Since Mary Jo White took over at the SEC in April 2013, observers have noticed a shift in the agency’s procedures: now it looks to assign blame before agreeing to settlements in more serious cases. Three months into her tenure, White told The New York Times that “defendants are going to have to own up to their conduct on the public record.” That summer, JPMorgan Chase was forced to admit it had violated securities laws in the much-publicized “London Whale” case, which was coordinated by US and British authorities. Some large hedge funds, including Harbinger Capital Partners, have also had to acknowledge wrongdoing before signing settlement agreements with the SEC.
That shift, say legal experts, is at least partly a result of the pressure brought to bear by Rakoff’s rulings. “The SEC will not be able to return to its former system of equivocal enforcement without incurring the scorn of the press and the public,” says John Coffee, a law professor at Columbia University and a friend of the judge. For his part, Rakoff argues that “the public reaction to my decision suggests that I captured a widespread perception of regulatory agencies being more attentive to convenience than to providing the public with a sense of what is really going on.”

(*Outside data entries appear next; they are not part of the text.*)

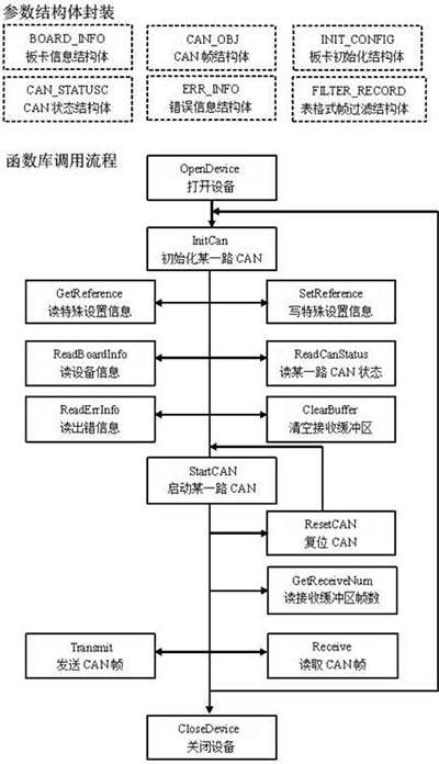 我公司為二次開發(fā)的用戶提供標(biāo)準(zhǔn)的接口函數(shù)庫,包括:ECANVCI.h、ECANVCI.lib、ECANVCI.dll。該接口函數(shù)庫均為標(biāo)準(zhǔn)格式,用戶可以在VC、VB、Labview等編程環(huán)境中,對(duì)這些接口函數(shù)聲明調(diào)用,具體使用方法詳見“ECAN動(dòng)態(tài)庫使用手冊(cè)”。下圖為常用結(jié)構(gòu)體名稱及函數(shù)庫調(diào)用流程。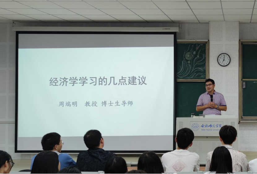 报告开始,周端明亲切地和同学们分享了他的求学经历。随后,周端明从“经济学是一门致用之学”、“经济分析需要更多学科知识”和“学好经济学意味着能够更深入理解经济社会”三个方面向同学们讲解了经济学专业内容,通过举例分析不同时代的经济现状,解释政府在如何控制社会总需求供给方面促进国家经济的发展。同时给同学们推荐经典经济学著作,如亚当斯密《国民财富的性质与原因研究》、马克思《资本论》第一卷、《经济学原理》和凯恩斯《就业、利息和货币通论》,帮助同学们更好了解经济学原理与知识。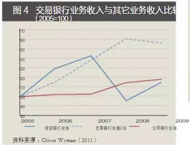 ——危机最严重的2008年,全球投资银行收入从2007年的3070亿美元降至1720亿美元;而同期银行GTB收入则从3040亿美元增加到3540亿美元。

In his original Citigroup ruling, Rakoff averred that when the SEC and a bank came to a judge with a deal, they were in effect asking “the court to employ its power and assert its authority when it does not know the facts.” He has spent much of the past several years trying to get at those facts, attempting to shine a light on the decisions that led to the financial catastrophe. The appeals court ruling may have put the brakes on this process, but Rakoff will, in all likelihood, remain a high-profile critic of the backroom deals that have characterized so much of the post-2008 cleanup.
“I’m troubled by how the regulatory state is subject to so little judicial review,” Rakoff says. The agencies are “too cozy” with the people they’re supposed to regulate. But he’s optimistic that people will eventually come around to his point of view, recognizing that “in a society in which the regulatory agencies play such a huge role, there is a need for greater review and greater oversight than currently exists.”